Eoghan Burns, Corporate Business Actuary at Irish Life, outlined to the seminar the findings of the SA working party on the implications for Irish life offices of a low investment return environment.

He said life assurance companies were now competing with retail financial institutions, supermarket financial services and PRSA providers in the new arena of low inflation and lower returns. Burns said it was up to the industry to differentiate their products from those of their competitors and maintained simpler products were the obvious way forward.

In a survey of SA members, some 60 per cent believed that policy returns would be lower than policyholders expected but nevertheless 80 per cent of respondents were bullish about future prospects.

Burns said there was a need to increase policy charges, moving to a less fixed and more fund-related system of charges. He forecast rising demand for equity/unit-linked products, specialised funds and a corresponding increased need for investment advice.

Paul Walsh, director of recruitment consultants Acumen Resources, told the conference that insolvency was still a real risk for life companies and that its likelihood had increased in times of low returns.

He said that life offices should look at reducing their annual bonuses for with-profits and unitised with-profits policies. Walsh said it was important in times of reducing investment returns to strike a balance between cutting bonus rates and adhering to ‘smoothing’ rules that may no longer be suitable in a new investment environment.

He highlighted the finding in the survey that almost 80 per cent of respondents thought policyholders were not being fully made aware of the impact of lower future investment returns.

Gerry O’Carroll, partner at Watson Wyatt, examined the recent move from a defined benefit system to a defined contribution one, and argued that it was a result of increased individualisation in society. He also outlined the advances in actuarial technology and demonstrated how it could assist actuaries in their projections.

John Bristow, professor of economics at TCD, asked whether the historically unprecedented Irish economic boom could continue much longer. He outlined the relevant economic theory on the matter, examined the experience of other economies that have undergone high growth over long periods of time and considered the possible factors that could derail the economy.

The TCD professor called on the Minister of Finance to reverse the recent policy of give-away budgets in order to dampen down the clear signs of overheating in the non-traded sector of the economy.

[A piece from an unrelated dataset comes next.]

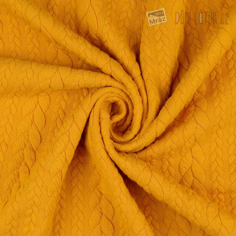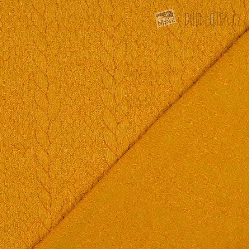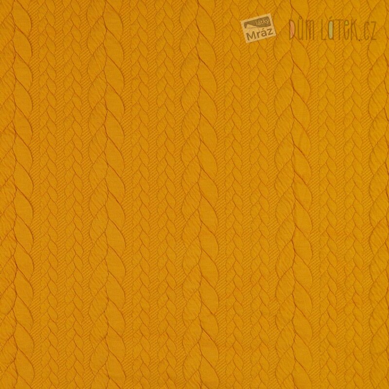 Dvojitý úplet s plastickým copánkovým vzorem, okrový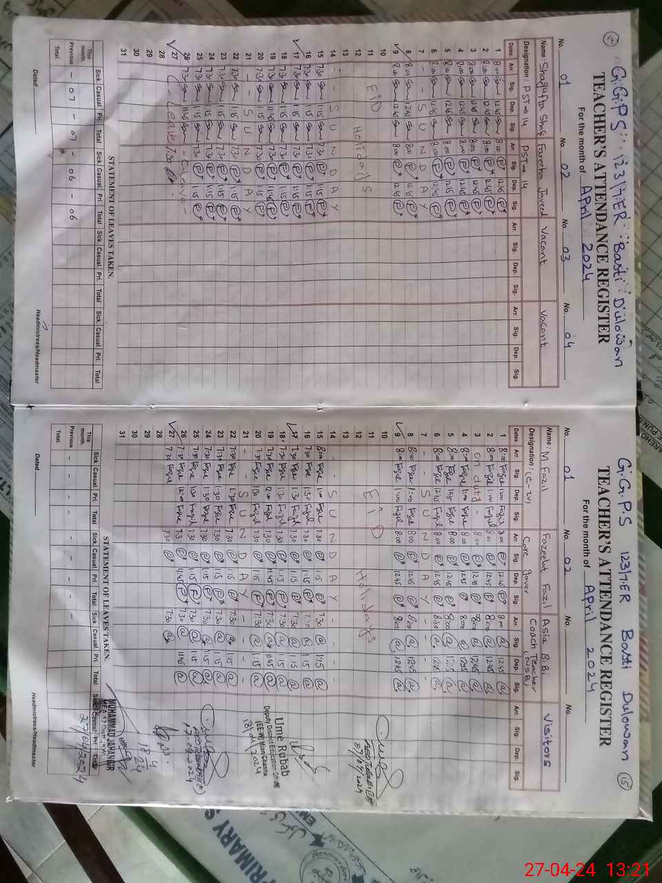 | Name: SH**** SH**** Designation: (School Headmaster's/Headmistress's) PST Phone/Cell Number: 03**** |

However, he doubted if the minister would heed his advice and predicted that the domestic pressures would continue.

Bristow said that the labour supply could be a real constraint on growth in the medium term and advocated a relaxation of immigration restrictions for all types of workers.

He added that growth could be harmed by a reduction in export demand resulting from a slackening of growth in our trading partners, but he saw no reasons for this happening in the near future.